| RECORDED DATA |

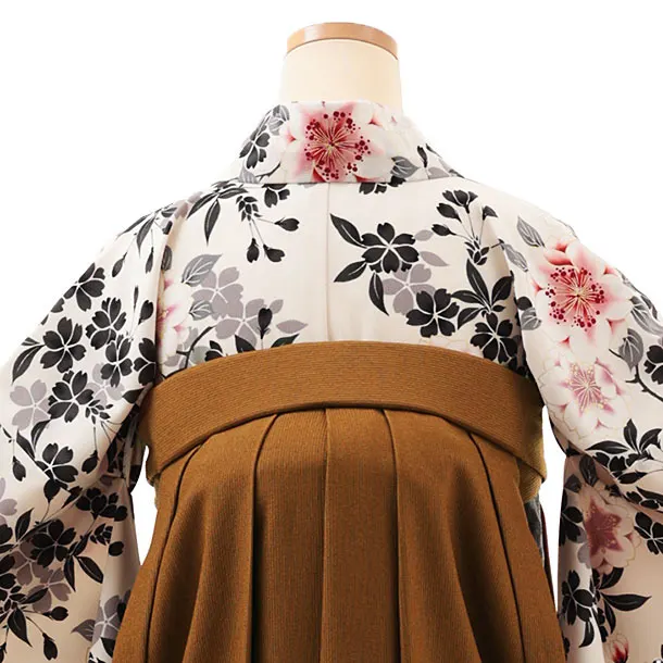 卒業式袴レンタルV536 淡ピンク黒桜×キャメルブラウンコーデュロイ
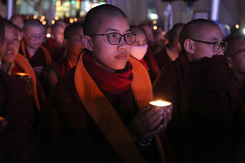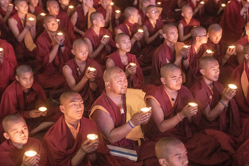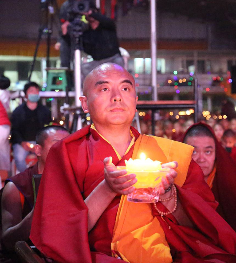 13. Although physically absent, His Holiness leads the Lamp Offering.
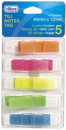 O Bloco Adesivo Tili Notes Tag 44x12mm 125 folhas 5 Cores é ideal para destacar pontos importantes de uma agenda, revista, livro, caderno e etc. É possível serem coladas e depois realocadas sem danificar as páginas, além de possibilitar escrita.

| EXERCISE DETAILS |
Only an exact copy of the lines from the one with "13. Although physically" through the last line of the data above is wanted, and no pictures.

| RESULT OF THIS EXERCISE |
 13. Although physically absent, His Holiness leads the Lamp Offering.
 O Bloco Adesivo Tili Notes Tag 44x12mm 125 folhas 5 Cores é ideal para destacar pontos importantes de uma agenda, revista, livro, caderno e etc. É possível serem coladas e depois realocadas sem danificar as páginas, além de possibilitar escrita.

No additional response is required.